NASSAU, The Bahamas, Oct. 12, 2011 (GlobeNewswire via COMTEX) — Steiner Leisure Limited STNR +2.43% has entered into an agreement for the acquisition of the assets of Cortiva Group Inc. (“Cortiva”). Cortiva operates seven post-secondary massage therapy schools with a total of 12 campuses located in Arizona, Florida, Illinois, Massachusetts, New Jersey, Pennsylvania and Washington and which had revenues in 2010 of approximately $24.6 million. Post-closing, Steiner, through its schools division, would own and operate a total of 30 campuses in 14 states with an anticipated total population of approximately 5,200 students.

This transaction, which is expected to be accretive to earnings post integration and neutral to slightly accretive to earnings in 2012, has a purchase price of $33.0 million in cash. Prior to closing, it will be determined to the extent which the purchase price will be paid from existing cash and/or through borrowings under our credit facility.

Leonard Fluxman, president and chief executive officer of Steiner, said, “The acquisition of Cortiva Institute, a well-known participant in the massage therapy education field and one of our longtime competitors, would considerably expand and fortify the presence of our Schools division in the post-secondary massage therapy school market. The integration of Cortiva’s extensive massage therapy offerings into our existing curriculum, as well as the availability of a variety of new campus locations in several regions of the United States new to us, would further assist the growth of our Schools division. We look forward to introducing even more graduates, with increasingly diverse skill sets, into the growing massage therapy and spa industries.”

Closing of the transaction, which is anticipated to take place in 2011, is subject to conditions similar to those in other transactions of this type including, among others, the receipt of regulatory approval from the Department of Education (the Cortiva schools are eligible to receive Title IV student loan funding).

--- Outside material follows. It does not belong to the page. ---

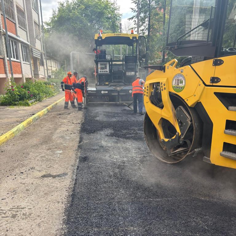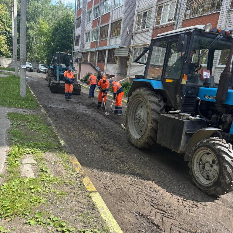 Трудятся дорожники также на проезде ул. Строителей, возле домов 42а и 44а. Он ведёт к двум детским садам. К тому же дорога не видела обновления более 40 лет.

Steiner Leisure Limited is a worldwide provider of spa services. The company’s operations include shipboard and land-based spas and salons. We provide our services on 155 cruise ships and at 68 land-based spas. Our land-based spas include resort spas, urban hotel spas and day spas and are operated under our Elemis(R), Mandara(R), Chavana(R), Bliss(R) and Remede(R) brands. In addition, a total of 28 resort and hotel spas are operated under our brands by third parties pursuant to license agreements with the Company. Our cruise line and land-based resort customers include Azamara Club Cruises, Caesar’s Entertainment, Carnival Cruise Lines, Celebrity Cruises, Crystal Cruises, Cunard Cruise Line, Hilton Hotels, Holland America Line, InterContinental Hotels and Resorts, Kerzner International, Loews Hotels, Marriott Hotels, Nikko Hotels, Norwegian Cruise Line, P&O Cruises, Planet Hollywood, Princess Cruises, Royal Caribbean Cruises, Seabourn Cruise Lines, Silversea Cruises, Sofitel Luxury Hotels, St. Regis Hotels, Thomson Cruises, W Hotels and Resorts, Westin Hotels and Resorts and Windstar Cruises. Our award-winning Elemis, Bliss and Remède brands are used and sold in our cruise ship and/or land-based spas and are also distributed worldwide to exclusive hotels, salons, health clubs, department stores and destination spas. Our products are also available at www.timetospa.com and www.blissworld.com.

Steiner Leisure also owns and operates five post secondary schools (comprised of a total of 18 campuses) located in Miami, Orlando, Pompano Beach and Sarasota, Florida; Baltimore, Maryland; Charlottesville, Virginia; York, Pennsylvania; Salt Lake City and Lindon, Utah; Las Vegas, Nevada; Tempe and Phoenix, Arizona; Westminster and Aurora, Colorado; Groton, Newington and Westport, Connecticut; and Dallas, Texas. Offering programs in massage therapy and, in some cases, skin care, these schools train and qualify spa professionals for health and beauty positions within the Steiner family of companies or other industry entities.